Однажды после охоты близ городка Болдино Владимирской губернии, имения Сушнева, Левитан и Кувшинникова вышли на незнакомую дорогу. Охотники заблудились. Был предосенний вечер, серенький, теплый. На огромную открытую равнину спустилась беспробудная тишина. Дорога тянулась белой, вытоптанной, обкатанной полосою к далекому, еле синеющему краю земли. Перелески, низкие кустарники, редкие высокие деревья, словно озирающие и сторожащие безмолвную равнину, кое-где обступили вечернюю дорогу. Вдали потихоньку ковыляли две старухи богомолки с сумками за плечами. Левитан и Кувшинникова присели у деревянного придорожного голубца с выцветшей иконкой. Поставленный в древние времена, никем не опекаемый более, голубец покосился, был ветхий, едва держался на одной ноге, крашенной когда-то прозеленью. Чем-то поэтическим, уютным, заботливым веет от таких неизвестно кем сооруженных дорожных вех. Левитан потрогал старое дерево, осторожно постучал по нему, и внутри голубца зашуршала, осыпаясь, гнилая труха. Исаак Ильич достал карандаш, бумаги не нашли в карманах ни Левитан, ни Кувшинникова.
— Разве вынуть из патрона и разгладить, — серьезно сказал Исаак Ильич. — Кажется, я делал пыжи из чистых клочков.
Софья Петровна засмеялась, подумала, просияла и полезла в сумочку с провиантом.
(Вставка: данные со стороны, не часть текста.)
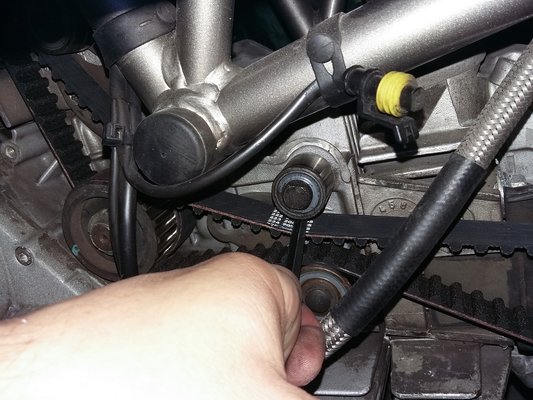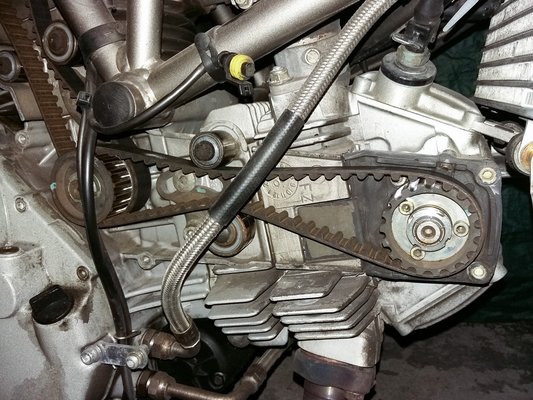 A Ducati-szíjfeszítésről rémisztő legendák keringenek, mindenféle pengetés utáni mikrofonos-hangvillás-oszcilloszkópos állításról, mert ha nem így tesz valaki, túlfeszítés esetén szétmegy a veztengely csapágya, túl lazára hagyva meg átugrik. Hát az enyém elég laza volt, csináltam is róla egy videót, nem tudom, hogy látszik-e, a szíj a vezérműtengely tárcsája után nem visszafelé hajlik a görgő irányába, hanem még kicsit felfelé indul; több centit lógott. Én meg így motoroztam vele vagy 600 kilométert.

Там оказался в продолговатой коробочке дамский надушенный носовой платок. Левитан нежно и благодарно взглянул на догадливую подругу. На двух сложенных вместе ягдташах с тетерками и утками Исаак Ильич разложил платок, Кувшинникова его подержала за концы, и карандаш быстро силуэтом зарисовал голубец.
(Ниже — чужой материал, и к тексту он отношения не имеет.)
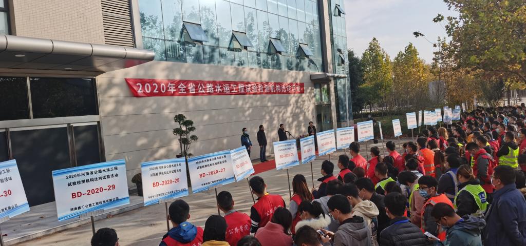 为进一步做好 “13445工程”服务保障工作,推动公路水运工程试验检测行业高质量发展,提升试验检测机构的技术水平,11月19日-20日,河南省交通运输厅质检站组织开展了全省公路水运工程试验检测机构比对试验活动,重点对路基压实度、沥青路面纵断面高程、路面构造深度等参数进行比对。比对试验活动由学院承办,全省共107家检测机构报名参加,参赛人员近500名。厅质检站检测处处长王劲松、学院副院长卢旺林出席比对试验开幕式并发表讲话。开幕式由厅质监站处长李雯主持。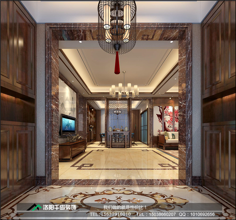 洛陽開元名郡225㎡復(fù)式新中式裝修案例@一樓入戶玄關(guān)

— Все в кладовушку, — пошутила Софья Петровна, — хотя, наверно, и не понадобится этот дорожный пустяк.
— Места для него надо немного, — как будто даже обиженно заметил художник.
Они присмотрелись к чужому полю, куда еще никогда не забредали, глянули во все стороны и увидели вдали дуб и две ветлы у мостика через крохотную безымянную речку. Отсюда шел проселок к Городку, почти до самого дома заблудившихся охотников. Они перестали беспокоиться. Охота дала много радостей, удовольствия, хороших минут. Левитан и Кувшинникова приятно устали. Надвигался вечер, но не хотелось вставать и снова идти. Спокойная, величественная равнина направо и налево, ненарушимая тишина на ней, теплынь, запах созревших хлебов и яблок, мягкие сумерки -все это действовало на душу, как убаюкивающая колыбельная, и природа казалась ласковой, уютной, прекрасной.
Левитан сидел, привалясь спиной к голубцу, и задумчиво следил за медленно удаляющимися богомолками.
— В природе, — вдруг ответил он собственным мыслям, — больше всего меня поражает великая, живая, я это чувствую, почти таинственная мудрость, бесконечная красота всего, потрясающие законы соотношения частей. Природа не терпит ничего безобразного. И его в ней нет. Посмотрите, рядом с нами ничего мертвого, все дышит, живет, понимает. Оно волнуется в бурю, зябнет в снегу, задумалось сейчас спокойным вечерком, отдыхает от солнца, ветров, гроз. Оно прилегло, как и мы... Сокровенная большая жизнь...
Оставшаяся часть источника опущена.